Start of Material provided

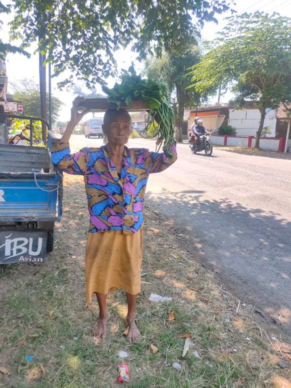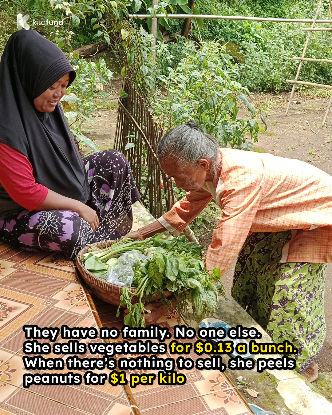 To earn a living and care for her sister, Mbah Buya sells vegetables door-to-door—harvested from the small garden around their home. She earns about $0.13 per bundle, and if everything sells, she brings home roughly $1.30 a day—just enough to buy rice and a simple meal. On days when there are no vegetables to sell, she works as a peanut peeler, earning around $0.98 per kilogram.
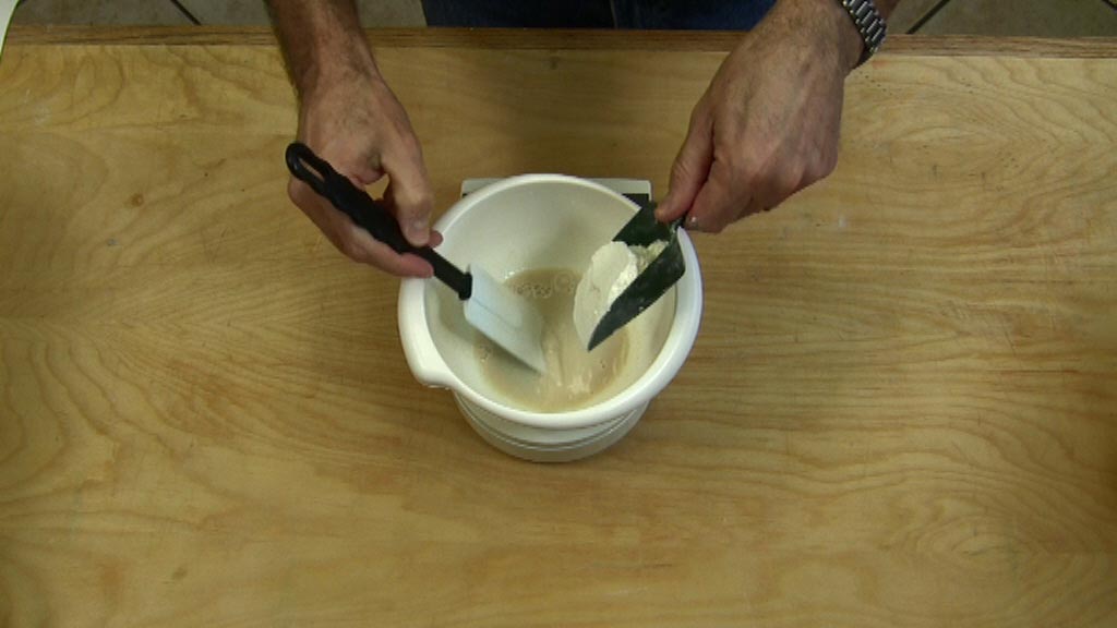 Ricetta Pandoro Semplice Sciogliete il lievito nell'acqua a 30°C Aggiungete tre quarti della farina Mischiate con una spatola
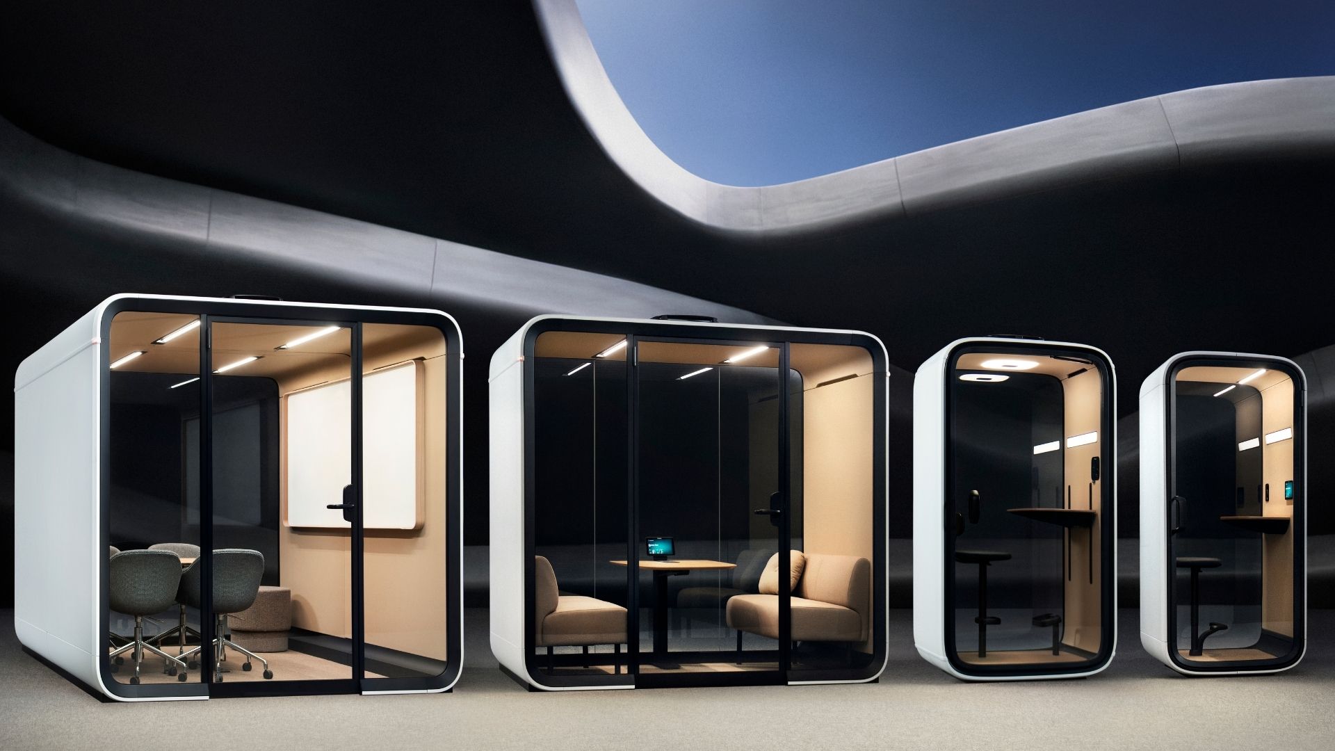 Ob digitales Team-Meeting oder Brainstorming in der Gruppe – die Telefonkabinen und Meeting Pods bieten alle Möglichkeiten, als Raum-in-Raum-Lösung die Arbeit im Team zu unterstützen. Die neue Generation der Framery Smart Pods umfasst vier hochfunktionale Raumlösungen, die auf unterschiedliche Anforderungen abgestimmt sind:

End of Material provided

Exercise prompt: Set down the material above as is, without any pictures.

Response to the exercise:
 To earn a living and care for her sister, Mbah Buya sells vegetables door-to-door—harvested from the small garden around their home. She earns about $0.13 per bundle, and if everything sells, she brings home roughly $1.30 a day—just enough to buy rice and a simple meal. On days when there are no vegetables to sell, she works as a peanut peeler, earning around $0.98 per kilogram.
 Ricetta Pandoro Semplice Sciogliete il lievito nell'acqua a 30°C Aggiungete tre quarti della farina Mischiate con una spatola
 Ob digitales Team-Meeting oder Brainstorming in der Gruppe – die Telefonkabinen und Meeting Pods bieten alle Möglichkeiten, als Raum-in-Raum-Lösung die Arbeit im Team zu unterstützen. Die neue Generation der Framery Smart Pods umfasst vier hochfunktionale Raumlösungen, die auf unterschiedliche Anforderungen abgestimmt sind:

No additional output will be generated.